В прошлом году Бяка построил себе просторный светлый дом на северном склоне холма. Его хижинка, ловко встроенная в корни кривой сосны, была так хороша, что Бяка придумал ей ласковое имя «Моя Радость». Большой Кыш страшно гордился своим домом: его аккуратными слюдяными окошками и большим парадным входом. Кыш был молод и не знал, что излишества и роскошь часто приводят к беде. В дом через большой вход может пролезть большой зверь. Так и случилось. Зимой, когда Бяка спал в снежном сугробе, его опустевший дом приглянулся лохматому молодому Еноту. Недолго думая, бездомный зверь протиснулся внутрь, слегка подправил кышью архитектуру по своему вкусу и накрепко прижился в Бякиной хижинке.

Вытаяв весной из снега, Большой Кыш сразу отправился домой, в «Мою Радость», и, естественно, обнаружил там Енота. Кыш так рассердился, так обиделся, что стал крушить всё вокруг. Первым ему подвернулся домик Туки. И Бяка разнёс его по камешку. Увы.

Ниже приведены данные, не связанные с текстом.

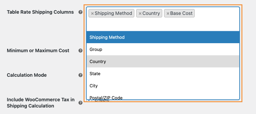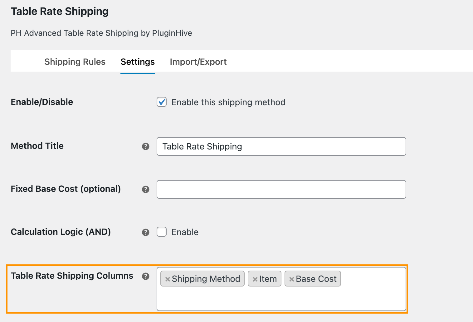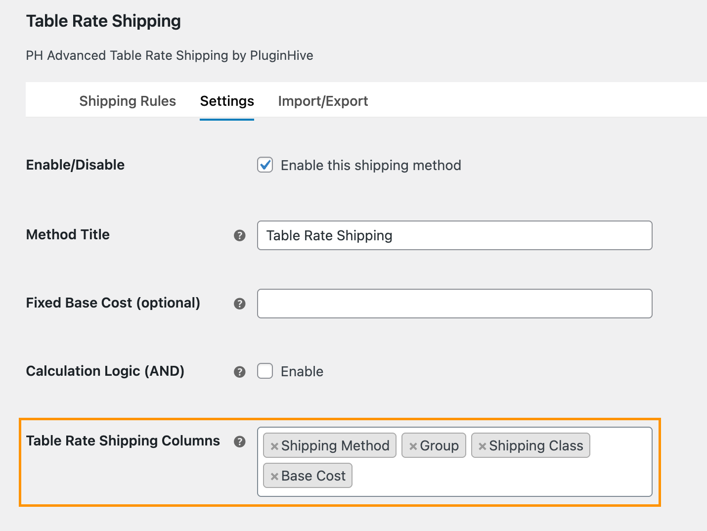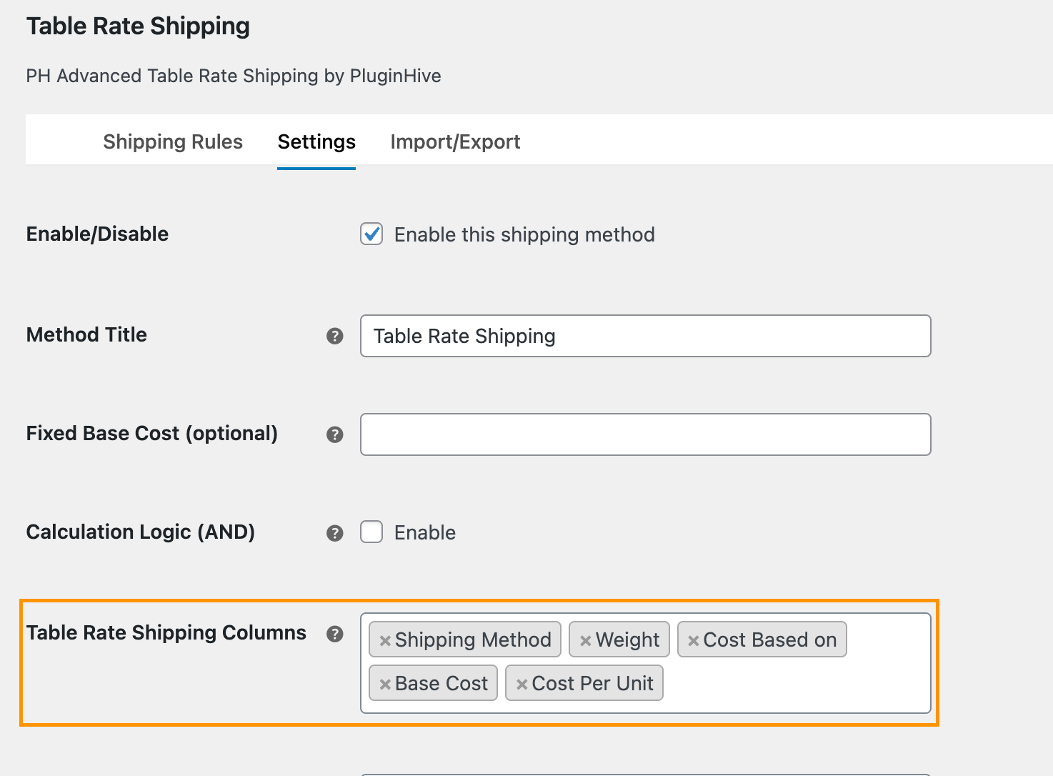 Now, go to Table Rate Shipping โ Settings and in the Table Rate Shipping Columns, select:

Увы. Увы. Нет, что ни говорите, нельзя срывать зло на других. Злость и обида – плохие советчики. Это знают все, даже кышата.

Жуликоватый кыш Люля умудрился отнять у застенчивого Сурка его нору, когда тот вышел погреться на весеннем солнышке. Вообще-то, мошенничество кыши осуждали. Оправдывая свой не слишком хороший поступок, Люля заявил, что он-де гадал на заячьих «орешках» и ему выпала такая судьба – обманом выгнать Сурка.

Рис.22 Большой Кыш
Рис.23 Большой Кыш

Кыши смирились. Но лишь Сяпа позаботился о судьбе одинокого зверя. Никому ничего не сказав, он соорудил новый дом под кустом бузины, а Сурок не поленился завершить подземную часть строительства. В общем, все остались довольны. Не было известий о Гнусе – ленивом кыше-нытике. Как потом выяснилось, Гнус вытаял, как и Тука, за каменной грядой, но не стал возвращаться на холм, а решил начать новую жизнь там, в Большой Тени, где никто не знал о его проделках.

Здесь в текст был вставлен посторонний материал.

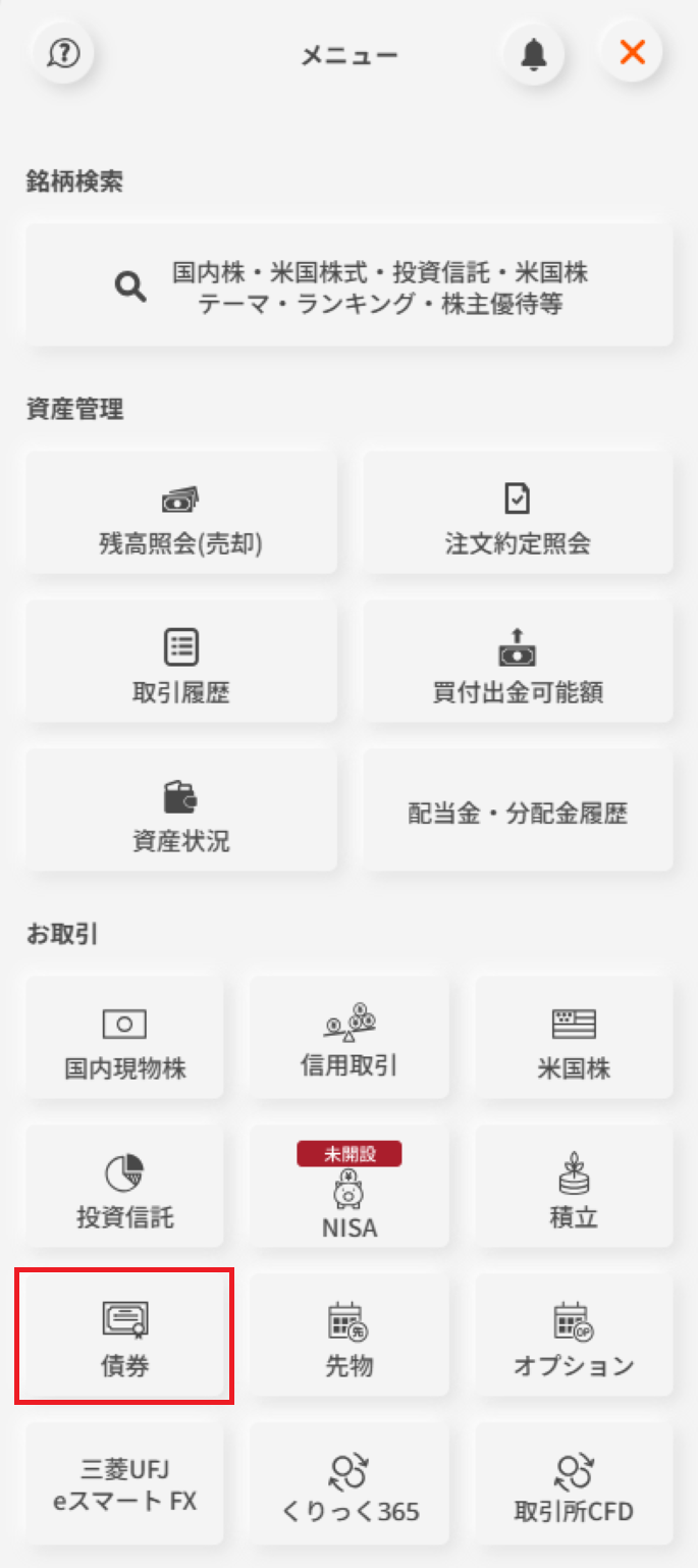 三菱UFJ eスマート証券のスマートフォンアプリのメニュー画面に「債券」を追加いたしました。

Всех волновала судьба Ася – главного из кышей Маленькой Тени. Его очень любили, хоть он был малообщительным, застенчивым и очень старым. Трудолюбивый Ась снабжал своих собратьев вязаными носками и жилетками. Именно он три года назад связал Сяпе большую панаму, с которой тот не расставался ни на минуту. Ась был самым старшим и самым мудрым на холме, он знал всё про всё. Кыши ждали Ася со дня на день и ежедневно осматривали северные склоны холма, болото и лощину, где ещё лежал снег.

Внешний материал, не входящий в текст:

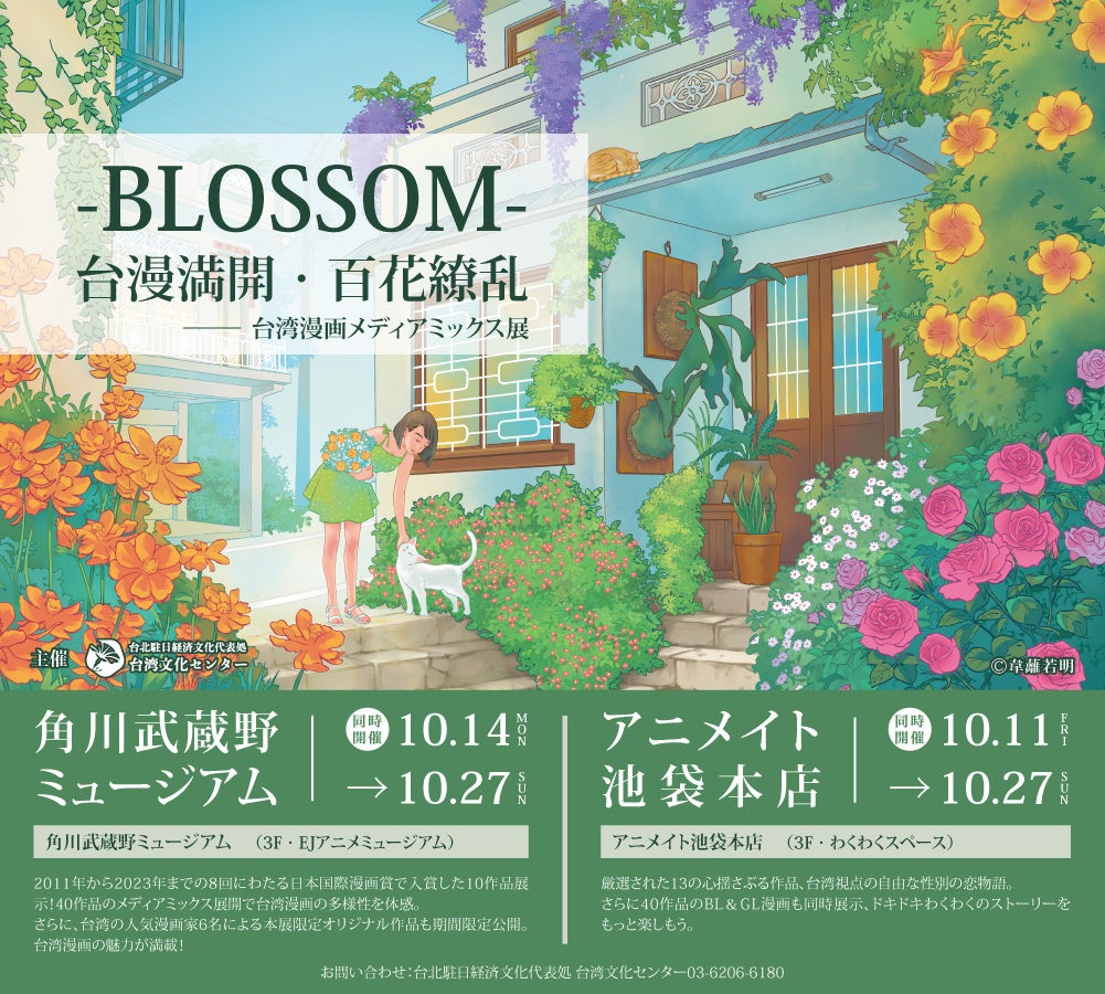 このように、日本における台湾漫画の新たな潮流をさらに広げ、多くの方々にその魅力をお届けするため、台湾文化センターは2024年10月に「角川武蔵野ミュージアム」と「アニメイト池袋本店」にて、台湾漫画イベント『-BLOSSOM- 台漫満開・百花繚乱』を開催いたします。

Ась вытаял последним. На болоте вместе со сладкой клюквой. Всю зиму он спал крепким сном в кустиках дурман-травы и багульника. Солнце не спешило растапливать льдинку, приютившую старика. Но когда срок пришёл – лёд растаял. Ась чуть было не захлебнулся талой водой, его едва не вынесло половодьем на камни, но молодчина Ась уцелел. Он подсох, отдышался и добрался до своего домика у родника. Дом пережил уже пятую зиму и преданно ждал Ася.

Рис.24 Большой Кыш

Глава шестая

Почему дерутся феномены?

Другу надо верить всегда и сразу.

Близнецы Слюня и Хлюпа. С Законом не поспоришь.

Про кышесинкразию и передник с карманами

Рис.25 Большой Кыш
Рис.26 Большой Кыш

– Не ходи туда, – посоветовал Хнусь, – ты же знаешь, там живут близнецы Хлюпа и Слюня.

– Пусть, – сердито отозвался Тука. – Пойду, и точка. Я всегда иду, куда иду.

– Как хочешь, но лучше не надо, – нахмурился Хнусь.

– Нет, не уговаривай, – упорствовал Тука. – Мои лапы сами топают в сторону этого домика. Мне так хочется побывать у этих спорщиков в гостях, аж пятки чешутся.

– Ну тебя! – устало сдался Хнусь. – Давай! Иди туда, куда идут твои лапы. Только знай, что, увидев немытых Слюню и Хлюпу, ты захочешь убежать прочь. Но ночь уже близко, и тебе придётся остаться у них до утра. А ни один нормальный кыш не может выносить их ссор так долго. Все обходят дом близнецов стороной. Даже шалый Бяка не ходит к ним в гости.

– Я никого не боюсь, – неуверенно ответил Тука и опасливо огляделся. Упоминание Бяки насторожило его. Разум говорил: «Стой, не ходи!» А неуёмное любопытство нашёптывало: «Иди, иди…»

Так или иначе, но доводы осторожного Хнуся подействовали – решительность Туки постепенно стала слабеть, а вскоре и совсем улетучилась. Хватило бы полсловечка, чтобы заставить его повернуть назад. Но Хнусь, видно, отчаялся и молчал. Тука оглянулся: рядом никого, Хнусь пропал. Только кончики кустов чуть шевелились, потревоженные вечерним суетливым ветерком.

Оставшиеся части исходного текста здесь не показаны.